Different Rab Proteins

  • Guide movement of vesicles to various organelles, such as:

    • RAB8: Cilium

    • RAB3: Secretory vesicles

    • RAB5: Early endosome

    • RAB6: Golgi

    • RAB7: Late endosome

    • RAB1: TGN

    • RAB14 and others for various specific cellular functions.

6. Vesicle Tethering

  • Tethering proteins help recognize vesicles by their target compartments:

    • Tethering proteins attach to target compartments and form long multi-protein complexes that extend into the cytoplasm.

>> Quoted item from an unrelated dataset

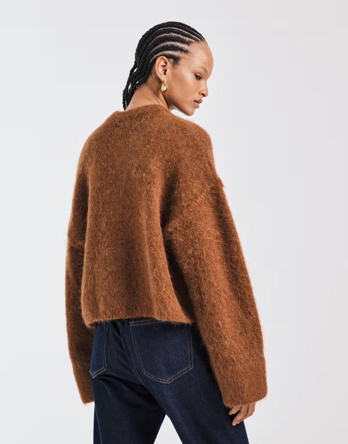 Machine wash according to instructions on care labelMain: 55% Alpaca, 24% Acrylic, 19% Nylon, 2% Elastane.This is ASOS DESIGN – your go-to for all the latest trends, no matter who you are, where you’re from and what you’re up to. Exclusive to ASOS, our universal brand is here for you, and comes in all our fit ranges: ASOS Curve, Tall, Petite and Maternity. Created by us, styled by you.Size & FitModel's height: 175cm / 5' 9''Still unsure what size to get? Check out our size guide.

    • Tethering proteins specifically bind to Rab proteins, effectively localizing vesicles near the target membrane.

7. Vesicle Fusion

  • Fusion of lipid bilayers facilitated by SNAREs:

    • Comprises of v-SNAREs (vesicle) and t-SNAREs (target).

    • One v-SNARE interacts with three t-SNAREs to form a 4-helix bundle.

    • Formation of the bundle drives bilayer apposition and water displacement between membranes, enabling fusion.

Conclusion: Influenza Virus Mechanism

  • Influenza employs both endocytic and exocytic mechanisms to enter host cells:

    • Key components include envelope glycoproteins and viral RNA.

    • Viral proteins enable escape from vesicles into the host cytoplasm, ensuring successful infection.